At retailer Best Buy (Charts), CEO Brad Anderson's bonus is determined in part by customer-loyalty scores, employee-turnover improvement and something called "customer centricity store revenue." It is also becoming customary for new CEOs to take several months to articulate a strategy and set of goals, then present a plan to the board complete with the metrics by which progress toward those should be measured.
Executive search stars Jim Citrin and Tom Neff of Spencer Stuart push the CEOs they place to identify three or four key "themes" that they expect to define their tenure. Those themes are then used, Citrin says, to help determine "how you drive compensation systems, culturally who you celebrate, and what you measure."
Tallying the final score
So far, investors appear to be dubious of these developments. A recent survey by the compensation consulting firm Watson Wyatt found that institutional investors still favor total return to shareholders as the main pay-for-performance metric for CEOs (return on equity came in second). At Xerox (Charts), dissident shareholders put a proposal on this year's proxy ballot demanding an end to the company's "balanced scorecard" approach to determining bonuses - because CEO Anne Mulcahy got a bonus last year even though the stock price dropped.
At GE, Jeff Immelt's green-oriented Ecomagination initiative (or "theme," if you will) has won raves in the press and from some employees, but the stock price is still below where it was when he took over in 2000.
The really big question may be how much CEOs even matter. A 1972 study that found top executives' impact to be negligible set off an academic debate that has raged ever since. The CEOs-do-matter side has largely gained the upper hand - leaning in part on studies of the impact of basketball coaches and baseball managers on team performance - but that's not because most academics think CEOs are superheroes.
A recent study of "superstar CEOs" by Ulrike Malmendier of the University of California at Berkeley and Geoffrey Tate of the University of Pennsylvania's Wharton School found that companies run by top executives who won awards handed out by the business press between 1975 and 2002 consistently underperformed the market after being honored. (Malmendier and Tate argue, in part, that CEOs who have been anointed as superstars neglect their jobs.) An earlier examination of auto industry productivity found big impacts from changing CEOs - except at the best-run car company, Toyota (Charts).
"Good leaders can make a small positive difference; bad leaders can make a huge negative difference - because they drive people out," says Stanford Business School professor and organizational expert Jeffrey Pfeffer. "If you said to me, 'Who can fix GM?' I don't know. But there's no question that someone could make an enormous difference on the downside."

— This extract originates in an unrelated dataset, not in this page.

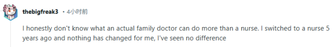“说实话,我真的不知道家庭医生能比执业护士多做什么。我5年前就改看执业护士了,对我来说几乎没有任何变化,也没有感受到什么区别。”
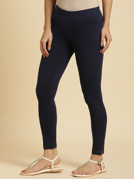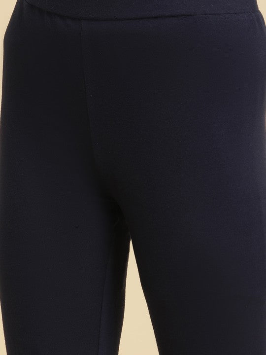 Product Details: Navy-blue solid ankle-length leggings, has an elasticated waistband with slip-on closure Material & Care: 95% Cotton & 5% Lycra Machine Wash

The ultimate lesson here may be that there are limited rewards to identifying the very best CEOs. Same with paying CEOs like superstars - Collins found no clear link between executive pay and success at the "good to great" companies he studied.
Enough of the superhero ethos remains that we still tell tales of management heroics: Carlos Ghosn parachuting into Nissan and turning it around. Terry Semel bringing his Hollywood savvy to sputtering Yahoo. But could Ghosn really have saved GM, as he was hoping to attempt? Did Semel really earn the $439 million he made over the past three years, especially now that Yahoo is sputtering again? Who knows?
Our obsession with finding greatness in CEOs is a hangover of sorts from the 1990s boom. It's not a bad thing in itself, but it distracts boards and investors from a more important task: identifying CEOs who just can't hack it.